Shuffling training set (with numpy.random.shuffle or torch.permute) results in a pytorch error.

Main causes of test failures found

Causes of Test Failure

To understand the causes of massive test failures,

  1. PyTorch tensors (on the low level) are strictly-typed and does not support dynamic casting. For example, one can not add a Double tensor with a Float tensor without explicitly casting one to the other's type.

  2. PyTorch supports globally setting the default type of tensors via torch.set_default_dtype(...), which will be used for all tensors subsequently created, until the current process exits. If no calls to torch.set_default_dtype are made, PyTorch will work out default tensor type using some unknown strategies.

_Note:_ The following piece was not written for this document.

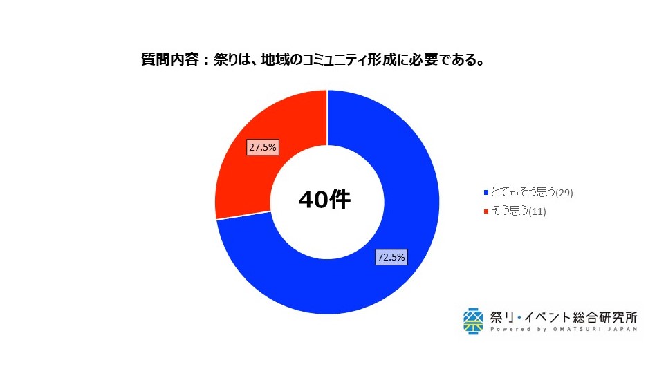 今回の調査では全員が「地域コミュニティ形成に祭りが有効である」と回答していることから、祭り存続への危機感や課題を抱えながらも、地域における祭りの必要性が顕著となりました。

  3. When python evaluates a script (for import or any other purposes), it runs everything in that module verbatim. In other words, Python is not intelligently only evaluate bar when a user executes from foo import bar. Instead, it runs (evaluates) the entire file foo.py and registers foo.bar to the current namespace.

  4. [To be confirmed] When pytest is executed with no arguments, it searches for all files matching the test_*.py pattern, executes them one at a time (in the same process), registers all target functions beginning with test in all files, and runs all registered targets. Note that in this manner, if default types are specified multiple times in different .py files, only the last call takes effect.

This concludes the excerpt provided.